Xiang's military service officially began on 1933 following his escape in the aftermath of the death of his aunt. Later that year, he became a soldier in He Long's Second Red Army Corps in the Chinese Red Army. In November 1935, more than 17,000 soldiers from the Second and Sixth Red Army Corps, led by He Long, took part in the Long March, a military retreat by the Chinese Red Army from advancing Kuomintang forces during the Chinese Civil War, from Sangzhi, Hunan.

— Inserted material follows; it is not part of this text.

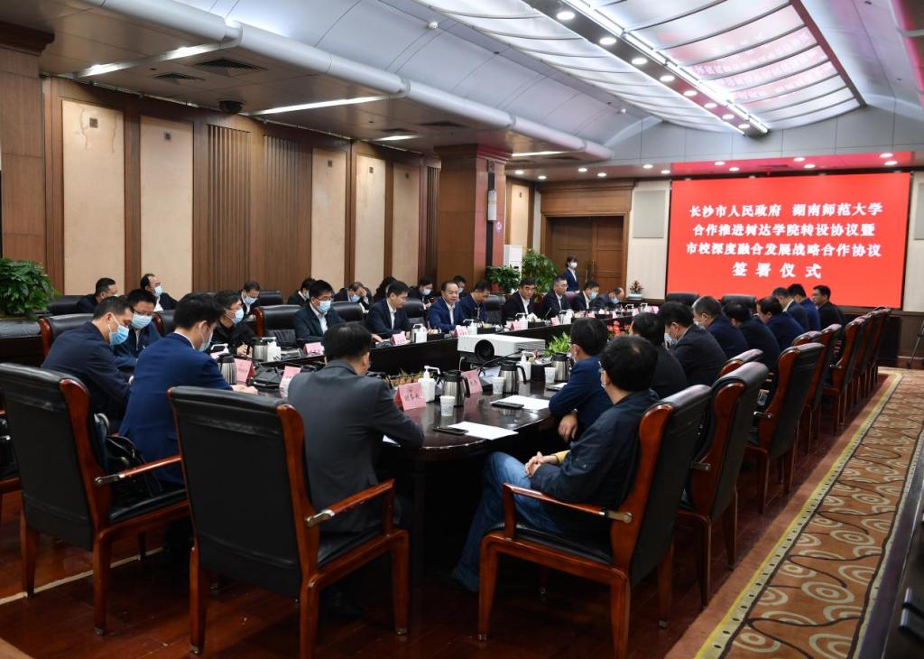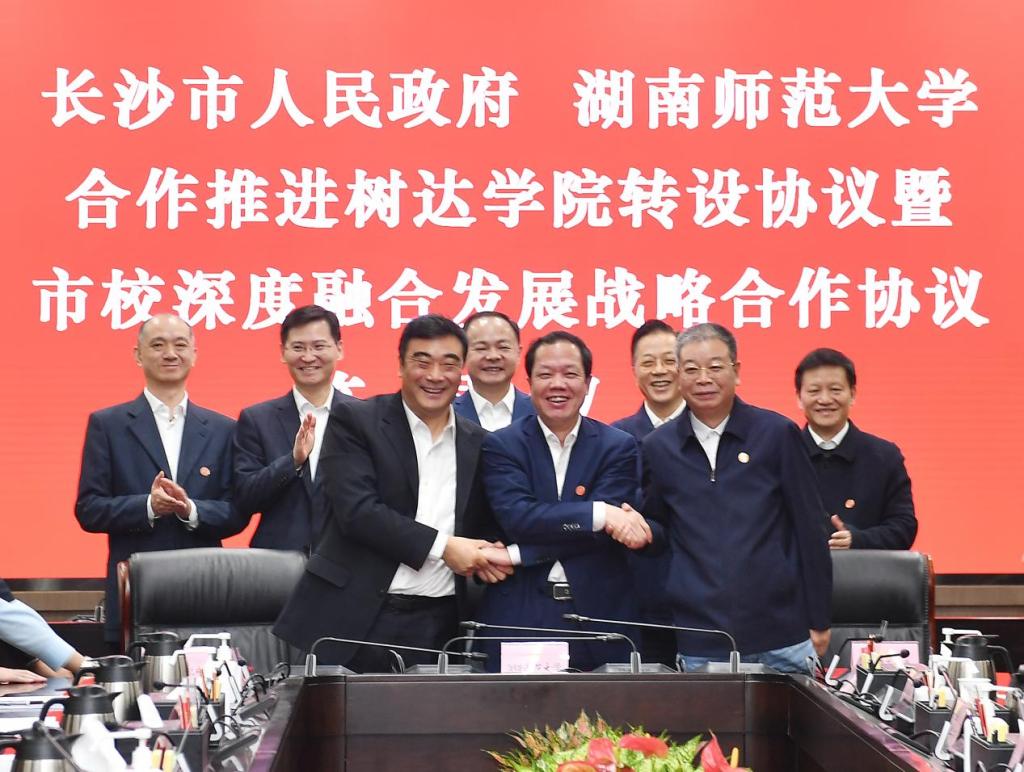 劉起軍、劉明理、周俊武代表三方簽署《湖南師范大學長沙市人民政府 湖南師范大學樹達學院推進湖南師范大學樹達學院轉設工作合作協議》;劉起軍、劉明理代表雙方簽署《長沙市人民政府湖南師范大學市校深度融合發展戰略合作協議》。

During the march, he rode on a mule and crossed Yuanshui, Chishui and Jinsha Rivers, and Wumeng Mountains. At the age of 9, he was the youngest soldier to participate in the march. In October 1936, Xiang and the remainder of the soldiers arrived at the new Communist base of operations in Yan'an, Shaanxi. He continued to stay in Yan'an to take extra cultural classes. He attended primary school in the Shaanxi-Gansu-Ningxia Border Region and later graduated from the Anti-Japanese University.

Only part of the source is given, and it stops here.